Sprott Precious Metals Watch

The most powerful litmus test for gold’s ongoing relevance is an assessment of whether the U.S. financial system could endure normalization of interest rate structures. Should the Fed raise fed funds to 3%-to-4%, or should 10-year Treasury yields trade back to 6%-to-8%, without significant negative impact to the U.S. financial system, we would concede constructive progress might have been achieved in rebalancing U.S. financial markets. We view prospects for either of these developments as quite remote. In such an environment, gold remains a mandatory portfolio asset.

Second, gold will remain a productive portfolio-diversifying asset until the process of debt rationalization is allowed to proceed in the United States. Since 2000, the Fed has now interceded to forestall this rebalancing process on at least three prominent occasions. To us, eventual normalization of the relationship between claims on future output and productive output itself will return ratios such as debt-to-GDP and HHNW-to-GDP to historically sustainable levels, say below 200% and 350% respectively. Because these ratios at prevailing GDP levels would imply (respectively) $20 trillion and $30 trillion in either debt defaults or depreciation of financial asset prices, we are quite certain the Fed will do everything in its power to postpone this rebalancing. Given implications for declining intrinsic value of U.S. financial assets, as well as ongoing Fed efforts to debase outstanding obligations, gold remains a mandatory portfolio asset.

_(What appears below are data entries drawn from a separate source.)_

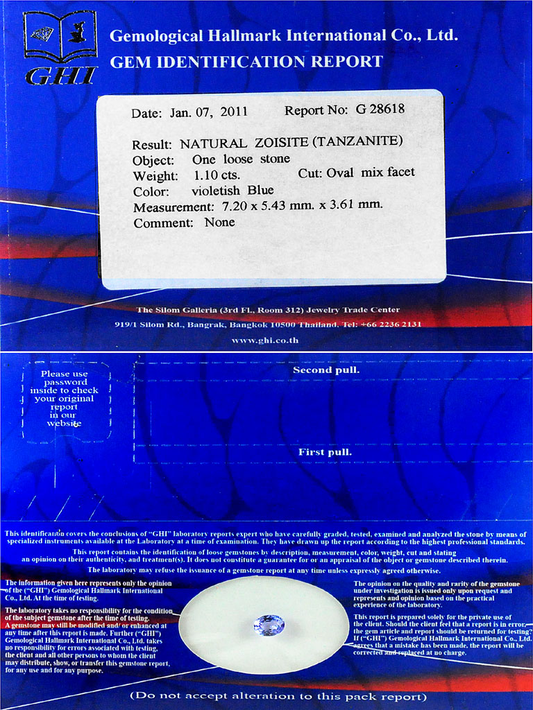 Certified Violetish Blue Tanzanite 1.10 Ct. VVS Oval 7.20 x 5.43 Mm. Natural Gem
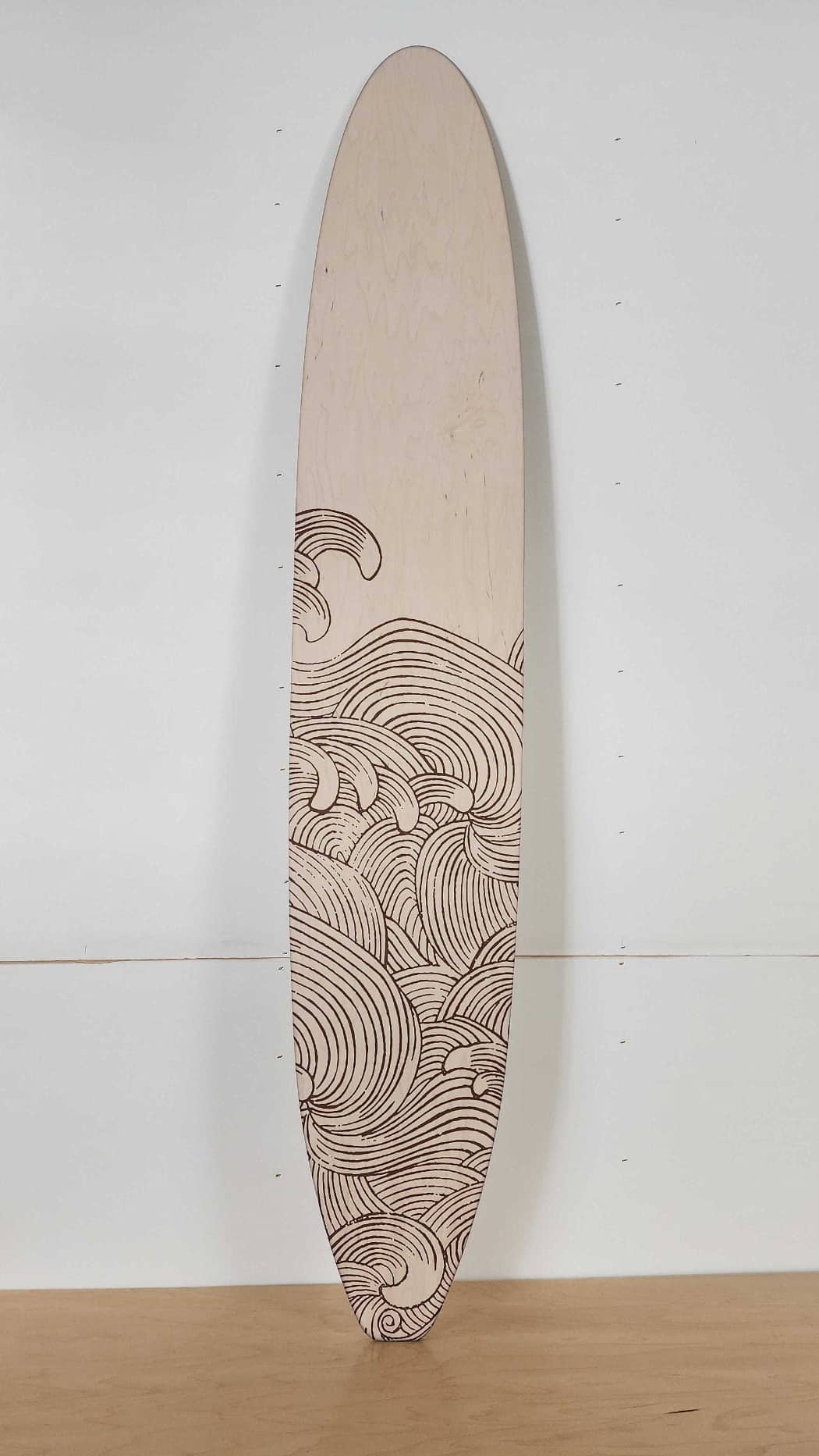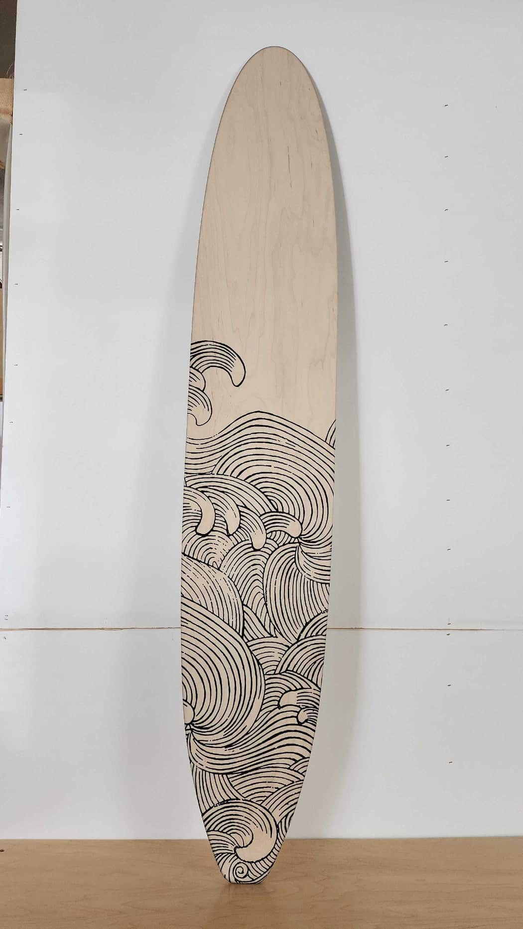 Wave Surfboard Wall Art | Surfboard Wall Decor | Wave Drawing - 57" Longboard / Natural with Black is backordered and will ship as soon as it is back in stock.
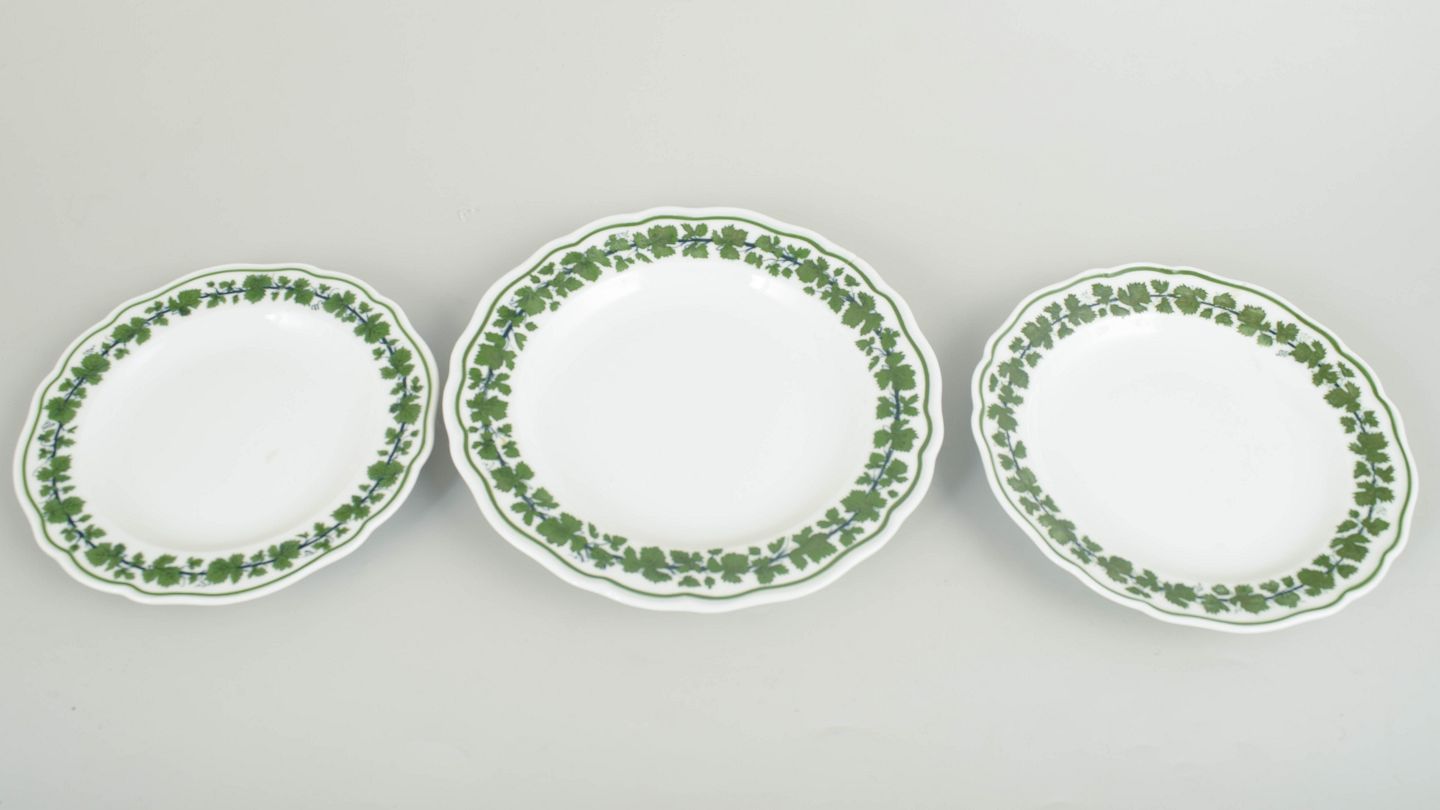 Sæt bestående af tre tallerkener i porcelæn med grøn vinranke- og vinløvsdekoration langs fanen; fra den grønne vinløvsserie.
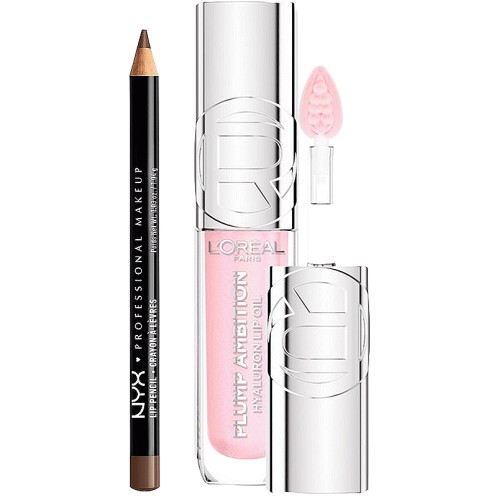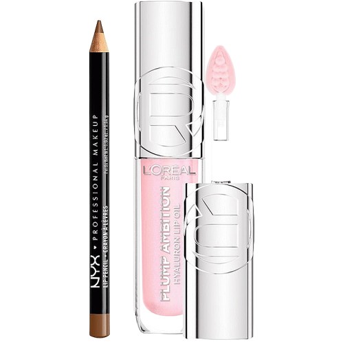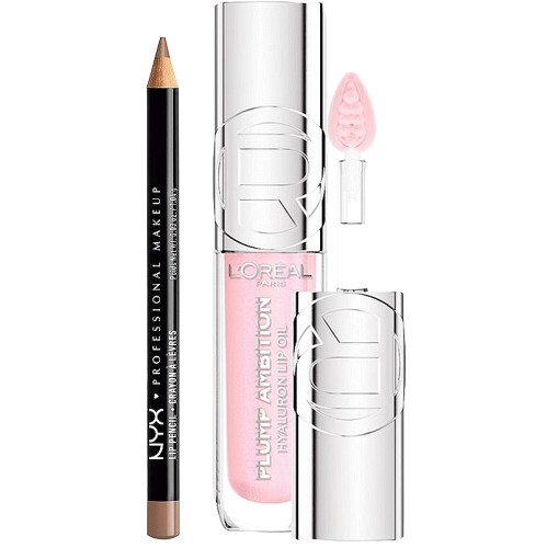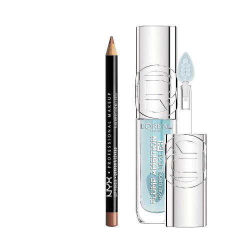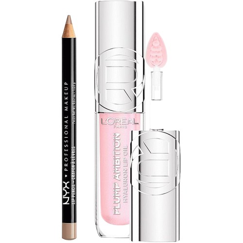 NYX Slim Lip Liner Pencil Natural & L'Oreal Paris Plump Ambition Lip Oil PH Cristal Ice Duo
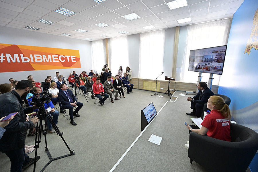 Встреча прошла в Доме добровольцев в Екатеринбурге на Крылова, 2 – в здании, переданном губернатором в распоряжение уральских волонтеров в прошлом году. К главной площадке подключились студии, расположенные в штабах движения #МыВМЕСТЕ в городах Свердловской области.
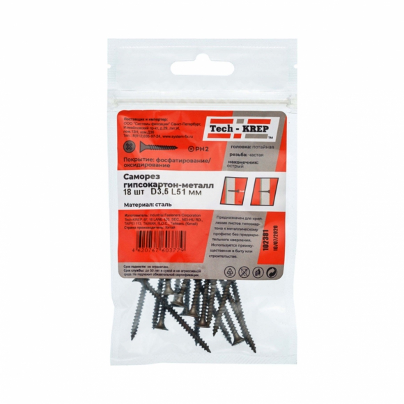 Саморезы Tech-Krep гипс-мет 4.2х65 11шт пакет

Third, should the U.S. economy ever be able to resume GDP growth between 3%-to-4%, with a net national savings rate in the 8%-to-10% range (now roughly 1%), there would no longer be a need for the $2.0 trillion-or-so in annual U.S. nonfinancial credit growth now necessary to service debt and drive consumption. In such an environment, U.S. securities markets would be replete with opportunities for true capital formation, and gold would hold limited investment utility.